Start with the Ingredients
It isn’t uncommon for Top Chef contestants to scrap their first ideas after a few minutes of work. Likewise, don’t be afraid to throw away your first idea. If you’re a pack rat, write your idea on a piece of paper and hide it from yourself. It’s okay to come back to your first idea, but it’s important to think about the problem in a different way.
What are the core ingredients of your application? Just because you have chicken, that doesn’t mean you should make chicken cordon bleu. Ask yourself, “What am I supposed to create?” A few applications I’ve come across in the last year are:
- Single sign-on systems
- Hosted property listings
- Utility easement tracking
- Document tracking and signing
Each of these applications has a different set of features and functionality. Would you use the same solution for each one? Looking at it a different way – would you serve the same meal for the Superbowl as you would for Christmas dinner?

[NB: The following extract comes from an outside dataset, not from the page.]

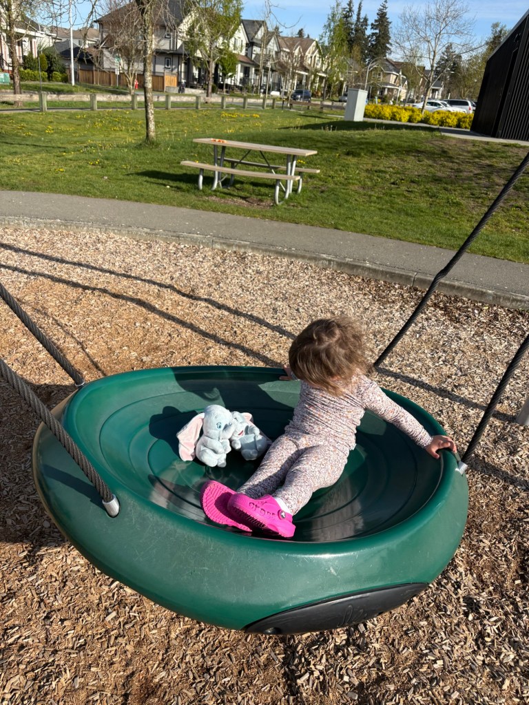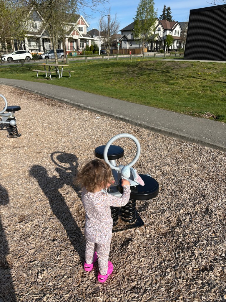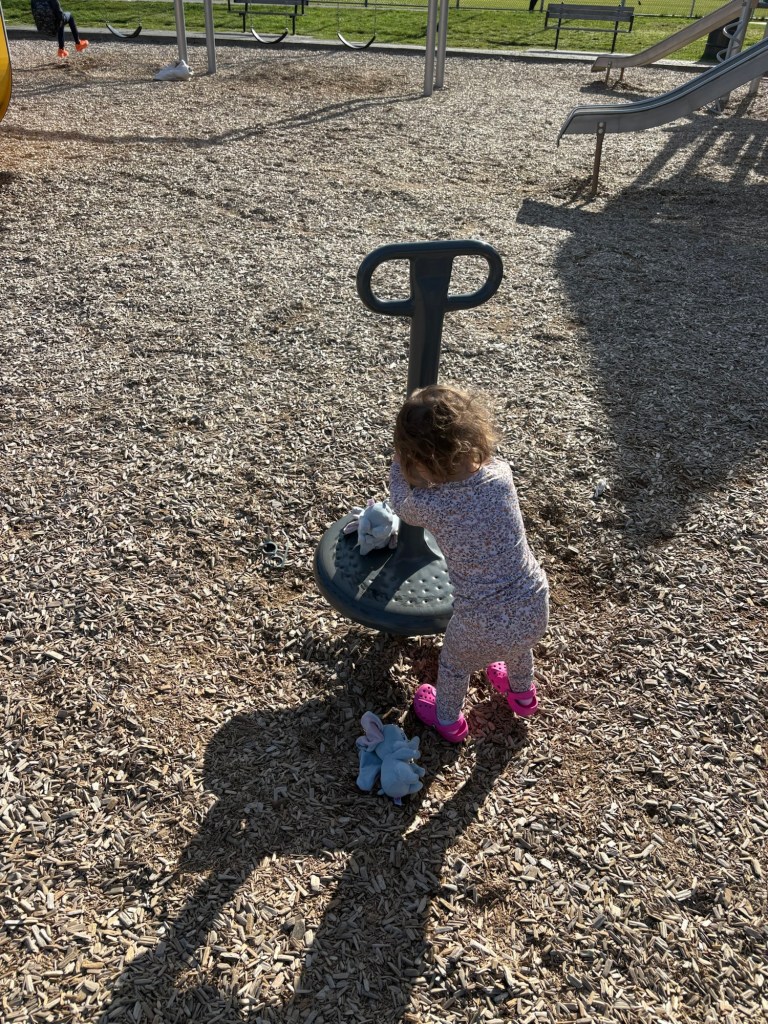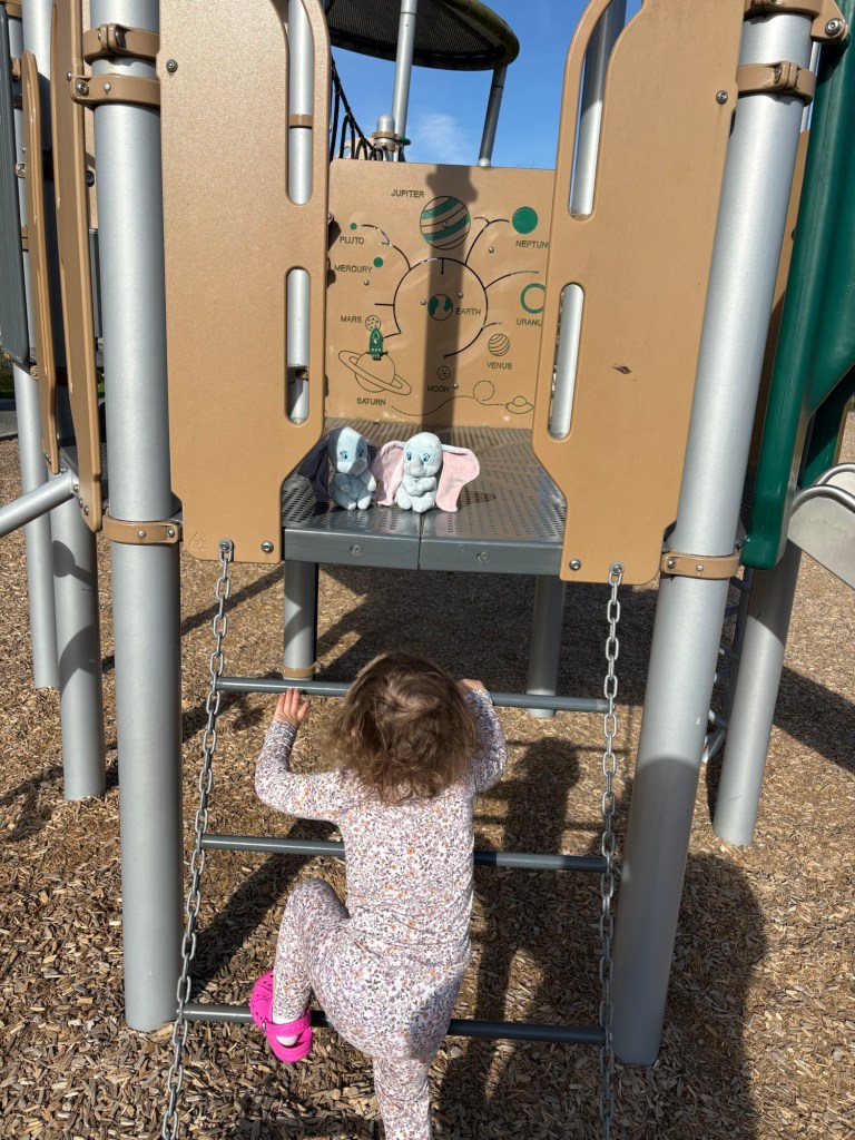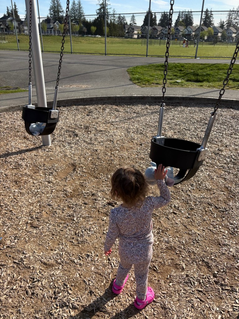 Much of my experience of parenting has been learning how much my daughter loves being in community. Her play spaces include a play kitchen, in which she “bakes” cupcakes for tea parties, a doctor set with which she “assesses and treats” her clients (mostly her Papa), and a whole community of stuffed animals that she regularly plays with. One day, we were getting ready for a walk outside and I found that a toy stroller was waiting with two stuffed elephants that Elly calls her babies. She walked with her Papa and I to the park with her babies until she realized that they had some problem (perhaps that their stuffing wasn’t sitting quite right). She stopped, got in front of the stroller and adjusted her babies so that they were more comfortable. Through the whole time we were at the playground, Elly enjoyed putting the babies on various playground rides.

Make an itemized list of the ingredients that you have on hand. Your requirements are your ingredients. They drive the way the users will interact with the data. As you investigate the requirements, make sure you ask the users questions like, “Do you need point in time recovery for easement property maps?” or “Is it a requirement that a user have a first name, last name, bio, and profile picture or would a user name and password be acceptable?” Understanding your requirements drives your choices.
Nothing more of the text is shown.